• **What to do**
Set down again, exactly and only, the lines from the one that contains "2、选择分享到QQ好友;" through the last line of the records below, both included, but not the pictures.
───── Material provided
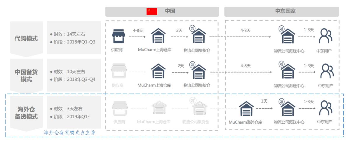 在物流网络层面,MuCharm所采用的是1个总仓+1个区域仓的模式。位于沙特的区域仓覆盖中东6国,主要存储已被当地市场反复验证的爆款产品;国内总仓则主要向区域仓补货,并用于存储新品等市场需求尚不明朗的产品。这样的二级库存设置,主要作用是在加快配送速度的同时最小化中国与沙特之间不必要的物流费用损耗。
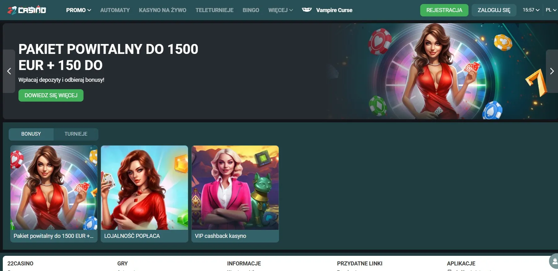 Kasyno online 22Casino działa od 2018 roku. Serwis udostępnia ponad 10 000 gier, w tym automaty, stoły karciane i sekcję live casino. Platforma oferuje aplikację na iOS i Android, a program VIP przewiduje cashback do 11%. Dostępne są szybkie metody płatności i całodobowa obsługa klienta w języku polskim. Gry pochodzą od renomowanych dostawców. Strona kasyna jest przetłumaczona na ponad 60 języków. Poniższa recenzja 22Casino dla polskich graczy w 2026 roku szczegółową przedstawia ofertę operatora.
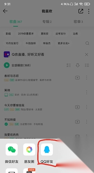 2、选择分享到QQ好友;
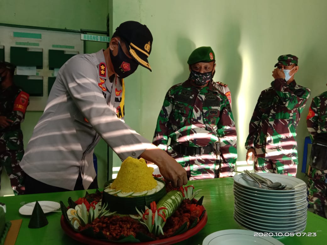 KONAWE – Peringati hari jadi Tentara Nasional Indonesia (TNI) ke 75 tahun 05, Oktober 2020. Kapolres Konawe bersama Pejabat Utama (PJU) silahturahmi ke Kantor Komando Rayon Militer (Koramil) 1417 -07 Unaaha, Senin (5/10/2020). Sekaligus membawa nasi tumpeng dan kue ulang tahun.
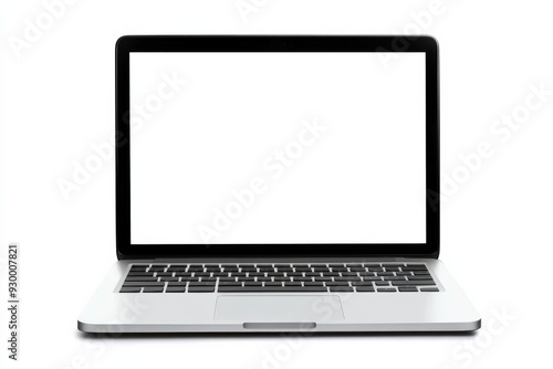 © 为轩 张, Fototapeta premium Black laptop with blank screen on white background, ideal for design mockups, featuring ultra-realistic view of silver MacBook Pro.
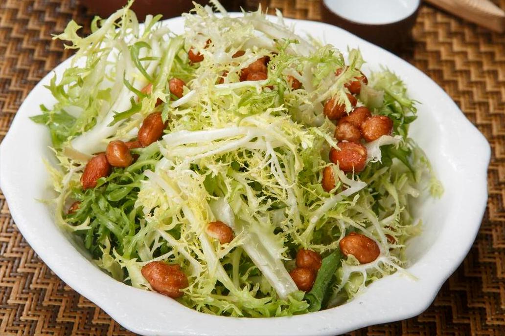 準備一把苦菊,摘洗乾淨以後,用鹽水浸泡15分鐘,隨後再衝洗一遍,然後切成小段,放在盤子裏備用。花生米炸好後,倒入苦菊中,準備一個小碗,倒入蒜末,來點熱油激發出香味,接着用鹽、白糖、白醋、香油調味,充分拌勻後倒入苦菊中,攪拌均勻即可開喫。
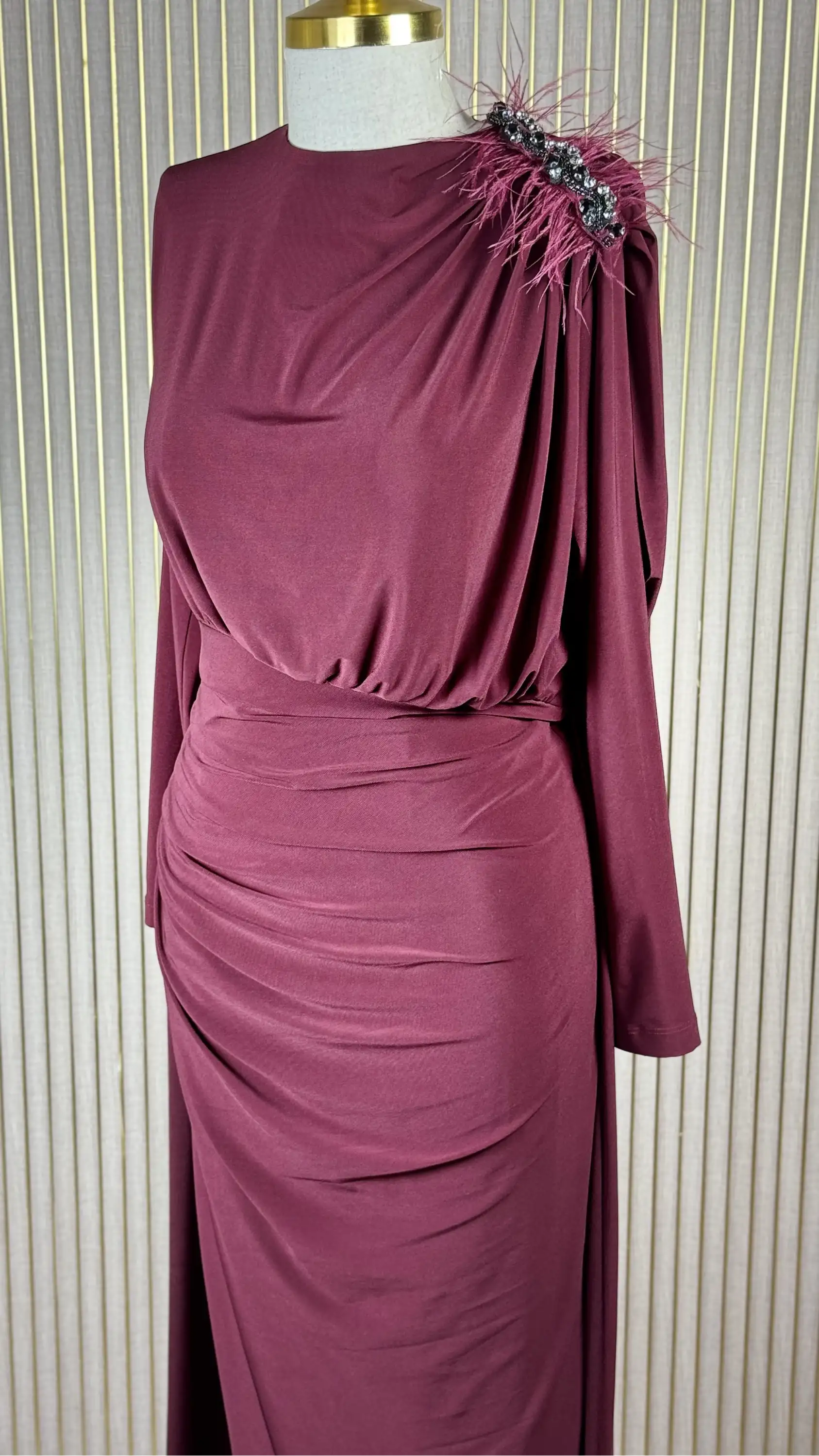• my312 Bordo Renk Omuzu Aksesuarlı Elbise - Şıklığınızı ve tarzınızı ön plana çıkaracak bir seçim!
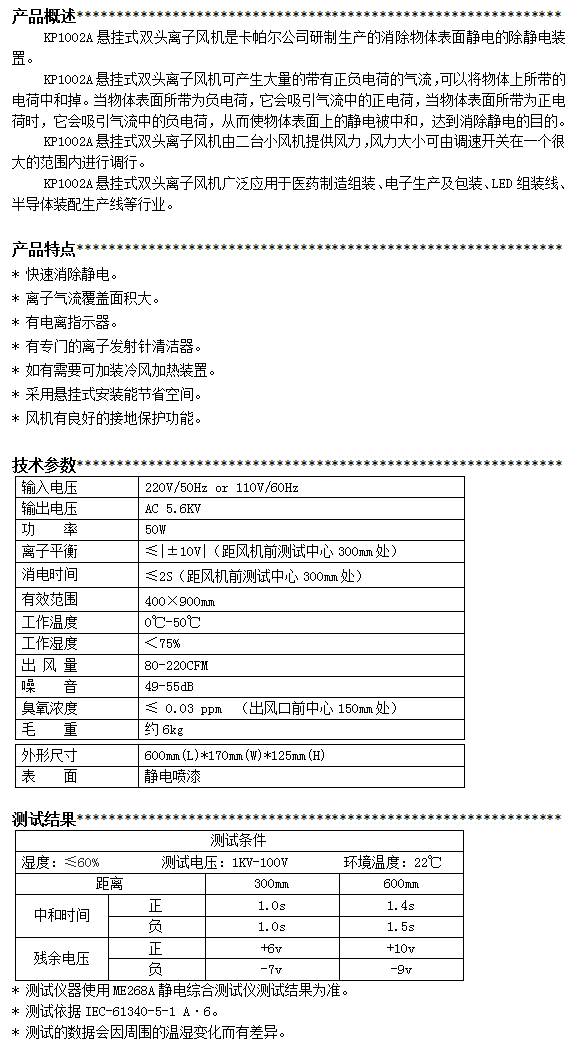 KP1002A第三代懸掛式雙頭離子風機
──────────
• **Worked solution**
 2、选择分享到QQ好友;
 KONAWE – Peringati hari jadi Tentara Nasional Indonesia (TNI) ke 75 tahun 05, Oktober 2020. Kapolres Konawe bersama Pejabat Utama (PJU) silahturahmi ke Kantor Komando Rayon Militer (Koramil) 1417 -07 Unaaha, Senin (5/10/2020). Sekaligus membawa nasi tumpeng dan kue ulang tahun.
 © 为轩 张, Fototapeta premium Black laptop with blank screen on white background, ideal for design mockups, featuring ultra-realistic view of silver MacBook Pro.
 準備一把苦菊,摘洗乾淨以後,用鹽水浸泡15分鐘,隨後再衝洗一遍,然後切成小段,放在盤子裏備用。花生米炸好後,倒入苦菊中,準備一個小碗,倒入蒜末,來點熱油激發出香味,接着用鹽、白糖、白醋、香油調味,充分拌勻後倒入苦菊中,攪拌均勻即可開喫。
• my312 Bordo Renk Omuzu Aksesuarlı Elbise - Şıklığınızı ve tarzınızı ön plana çıkaracak bir seçim!
 KP1002A第三代懸掛式雙頭離子風機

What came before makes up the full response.